第6話 序章 静かな海からの旅立ち

 潮風が岳の髪を靡かせては消えていく。砂浜は月の光と戯れを見せ、白金のように輝いていた。

「なんと素晴らしい…。宵中の海がここまで美しい姿を見せていたとは…。」

 その美しい景色に心奪わせながらぼんやりと足を進ませていると、いつしか砂浜の端までたどり着いていた事に気がついた岳の前に、大きく聳え立つ岩山一つ、薄く紫立ちたる妖艶な光を放たせていた。その岩からこちらへ優しく見つめる視線のようなものを感じ、何を思う事もなく岳はその側まで歩み寄っていった。

 そして天を仰ぎ、何気なく岩肌へと手を触れると次の瞬間、これまで聞いた事がない旋律のような美しい声が岳の頭上へと降り注いできた。

「貴方、どうしたの?そんな鬱々しい顔をして…。男の子でしょ?その男前の顔が台無しだわ…。」

「えっ…、何っ!?」

 その声に岳は驚愕させ天を再び仰ぐと、そこには麗若き女人が一人、左手を腰に当て、柏の葉を右手に持たせ、妖艶に腰をくねらせては耽美な睫をゆっくりと瞬かせながらこちらを眺めるような視線で見下ろしていた。

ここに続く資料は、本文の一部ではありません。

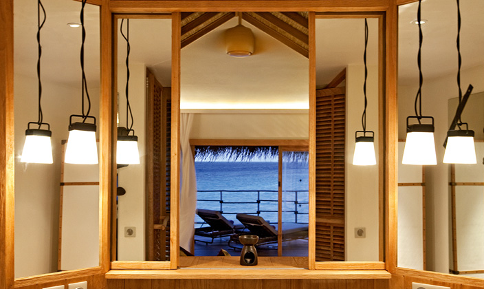 慕芙士島水上別墅配有名家設(shè)計的獨特家具使房間顯得更為精致,為客人提供了一個豪華而便利的住宿環(huán)境。您將會被這里最熱情周道的服務(wù)而動容。這里設(shè)施齊全,配備了一個木制陽臺,讓您可以在潛完水后,有一個休息和欣賞美景的好去處。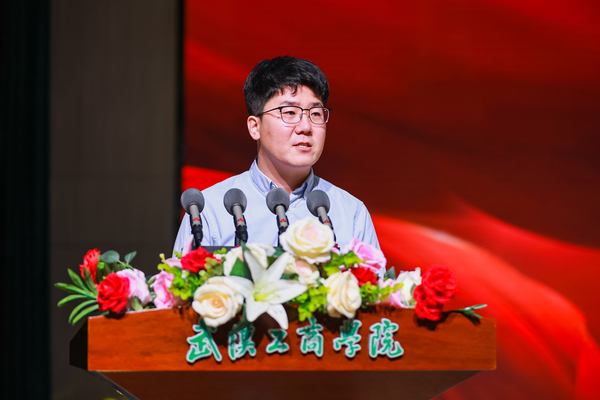 图为经济与商务外语学院2022级学生齐悦作为学生代表发言

 二千年後の言葉を又度用いると、それはまるで八頭身でモデル並みのプロポーション誇る、目鼻立ち豊かで、バッチリメイクを決め込んだお姉さ…、否、姉君が、岳の前へと姿を現したのだった。

 柔らかい声が、岳へと変わらず降り注ぐ。

「男の舐めるような視線には慣れてるけど、そんな訝しげな視線で私を見るのだけは心外よ。…まあ、いいわ。今からそちらへ行くから…。」

 そう言葉を発しながら、まるでふわりと舞うような出で立ちを表現しながら岳の元へと降りてきた。父が申していた御仁とはこの者なのだろうかと思ったのだが、今の岳には如何せん艶かしく、こんな不埒な女人に心を曝せと言われても、何を伝えれば良いのか…。

 全身に悪寒を這わせながら、その怪しげに醸し出す雰囲気をひしひしと感じながらもその姿をまじまじと眺める他なかった。

「貴方、ビビりすぎっ!!」

「えっ!?ビビっ…!?」

 岳の反応に「きゃはは」と両手を頬に当て、まるでお転婆と思えるほどの笑い声を上げながら女人は再び言葉を発した。

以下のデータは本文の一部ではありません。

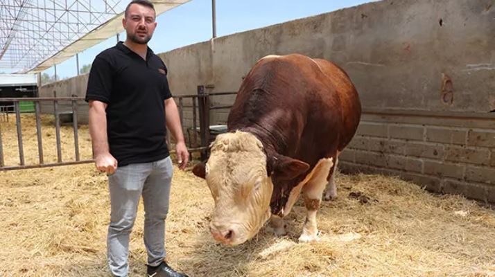 Kurban Bayramı'na sayılı günler kala, kentte yurt içi ve yurt dışına büyükbaş satan Salim Asıl, çiftliğindeki "Poyraz" isimli yaklaşık 1,5 ton ağırlığındaki boğasını satışa çıkardı.

「あ、気にしないでね。そんなに驚かなくていいのよ?貴方、お父上からも私の事聞いたでしょ?だからっ!!」

 その女人の言葉を聞いても、父が何故にこの者へ私を誘ったのか、今のところ全く検討もつかない。

 岳は考えれば考えるほど、感じれば感じるほど訳が分からなくなってきて、徐に腹の底から叫んだ。

「汝、何奴っっっ!!!!」

そんな岳の情緒不安定な姿を、まるで癖のように右手を頬に当て、困り果てた面持ちで女人は言った。

「そんな怖い顔浮かべちゃって…。まあ、そこもいいところなんだけどね…。いいわっ!名乗ればいいんでしょ?名乗ればっっっつ!!」

 そう言い放つと、辺りが唐突に凛とした雰囲気へと変わり、その女人の先ほどまで見せていた妖艶な立ち姿は、神々しく感じるものへと様変わりしていた。

 そして女人は誇らしげに言葉を発した。

「我が名は天鈿女。民の心の隙間を埋めしもの。」

 辺りは緊迫した雰囲気に包まれているものの、月の光だけは変わらずその女人を照らし出している事に岳は何故だか違和感を覚えたが、今はそんな事を気にしている場合でもない。

 この登場の雰囲気からこれまでの経験を元に感覚すると、現役女神が実際この場へと降臨し、卑しくも民である我に語りかけてくれているという、全くもって信じられない出来事を目の当たりにしている瞬間であった。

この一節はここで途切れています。